New Years
I then watched Miami Vice, which is entertaining up to a point. I guess I've lost some respect for Michael Mann as I've gotten older. Even the first time I saw Heat in a theater, I liked some of it a lot but felt the characters were flat, and that hasn't improved over the years. I guess I kind of wonder what the guy's about. I mean, much is made of his constant rewriting on the set and all his preparation and certainly a movie like this represents at least a couple years of the guy's life, and for what? It's just a moderately coherent action film. The Gong Li/Farrell relationship is ridiculous and thin, and Farrell and Foxx have zero chemistry--they hardly relate to each other at all. In most scenes they sit or stand next to each other and talk to somebody else. Mann fits in lines here and there to sketch in their dynamic as friends and partners, but there's not much there. They've apparently been together long enough that Foxx knows he can trust Farrell, when in actuality, he can't. Not completely, anyway. Farrell decides to let the girl--who is an adult and responsible for her part in the drug trade--go, merely because he really liked fucking her and they both had something in common--they both had parents who weren't around much. Mann is reliably good at the big shootout near the end, and the settings are pretty cool, but I think the movie is overrated, or should I say it did about as much business as it deserved.

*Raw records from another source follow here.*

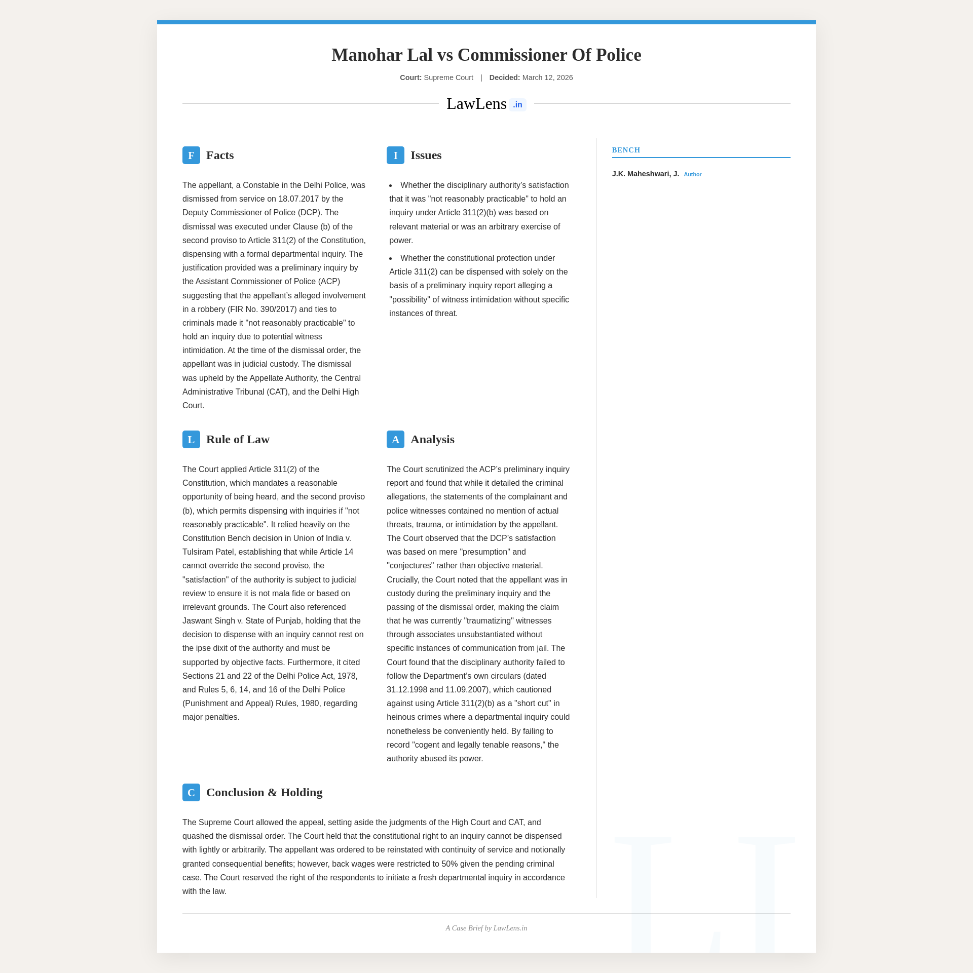 Manohar Lal v. Commissioner of Police 2026 INSC 234 - Article 311 Constitution
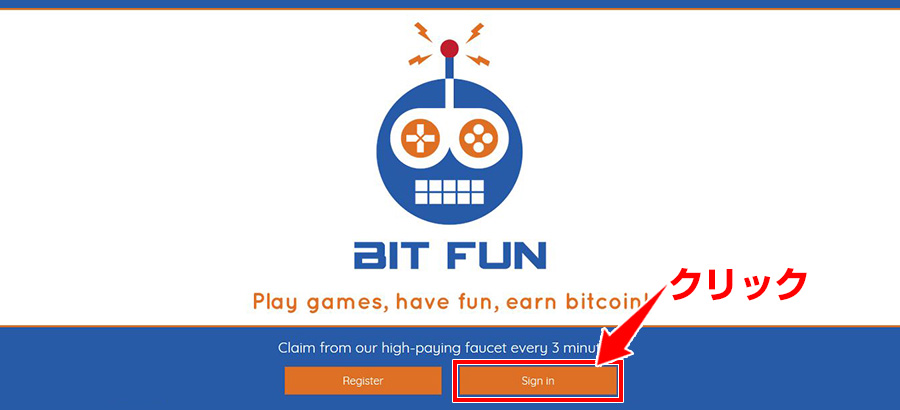 BitFunトップページにある「Sign in」をクリックして下さい。
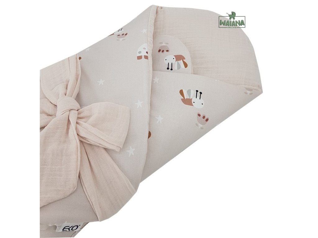 EKO Zavinovačka mušelínová s kokosovou vyberateľnou vložkou Bees Muselin Beige 75x75 cm
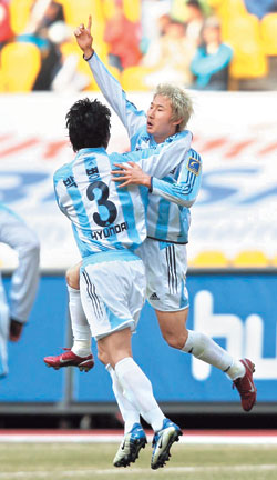 박주영의 기세도 무섭다. 박주영은 하루 전인 25일 제주 유나이티드와의 원정경기에서 2골을 몰아넣어 팀의 3-0 승리를 이끌었다. 이날 딕 아드보카트 축구대표팀 감독이 지켜보는 가운데 슈팅 2개로 2골을 넣는 효율적인 모습을 보였다. 두 골 모두 프리킥에 이은 헤딩슛이었다. 박주영도 4경기에서 3골을 기록해 이동국과 득점 공동 2위. 득점 1위는 4골을 넣은 우성용(성남 일화).
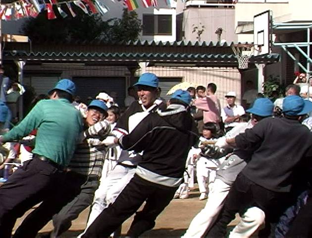 | これも名物競技 クラス対抗綱引き なんと優勝! 景品は スーパードライ 3リットル さすがに一人じゃ飲めません |
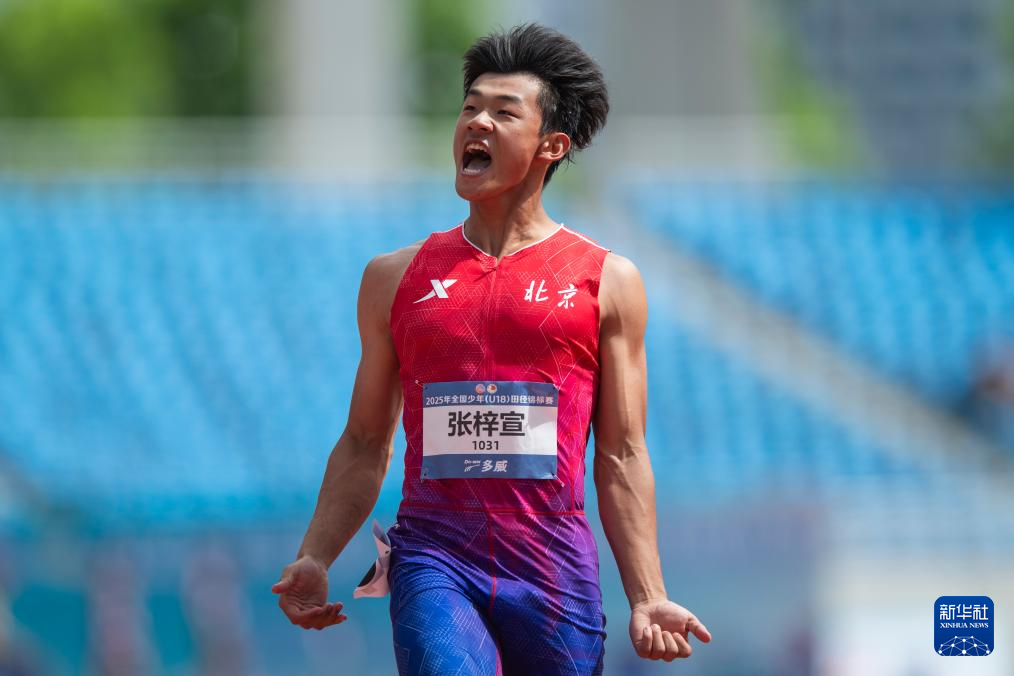 6月28日,北京队选手张梓宣在男子少年U18组100米预赛冲线后。最终,他以10秒68的成绩晋级半决赛。
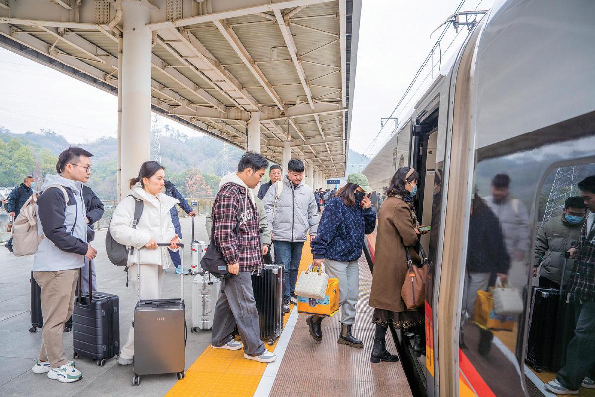 14日,黄石北站乘客有序乘车。春运首日,全市公铁水安全运送旅客2.72万人次,与2024年相比增长4.1%。其中,铁路运送1.48万人次,同比增长29.7%。

I also finally watched Hostel, which is a really good horror thriller from Eli Roth. I never saw his debut, Cabin Fever, but what had kept me from renting Hostel was that I was just expecting something like Saw, just nonstop depraved torture (I never saw Saw, either, so I admit I could have the wrong read on that one as well, but the point is I want a story to go with gore). I used to really be into gore as a teenager, but it has to have some story content now, just like I'm not really turned on by sex scenes if there's no buildup and characterization. Anyway, Roth does a great job on his budget of drawing the viewer and his characters into a terrifying world. There are a lot of surprises and Roth really finds the right note in each scene--sometimes it's sexy, sometimes it's very grim, and sometimes it's more action-oriented, such as when the film turns into more of a chase/revenge type of picture. Jay Hernandez isn't an amazing talent, but he does what is called for very efficiently, and all in all the film was really well cast with local or at least European talent, and Roth gets the most out of his Prague sets and his makeup/FX team. Very satisfying conclusion as well. One of the commentaries features Roth with exec producers Quentin Tarantino, Boaz Yakin and Scott Spiegel, and credit to Roth for not letting QT dominate the proceedings too much, though I always like hearing Tarantino wax about movies. They discussed some alternate endings for the film which didn't turn up on this dvd, so who knows? Maybe there will be an expanded edition coming. From the sounds of it, the ending chosen was the right way to go.
Reading some of the TCJ Library Harvey Kurtzman book today and taking down Xmas decorations. Both college football games I sampled were very boring. Yesterday I bought myself a vibrating office chair, which I'm enjoying right now.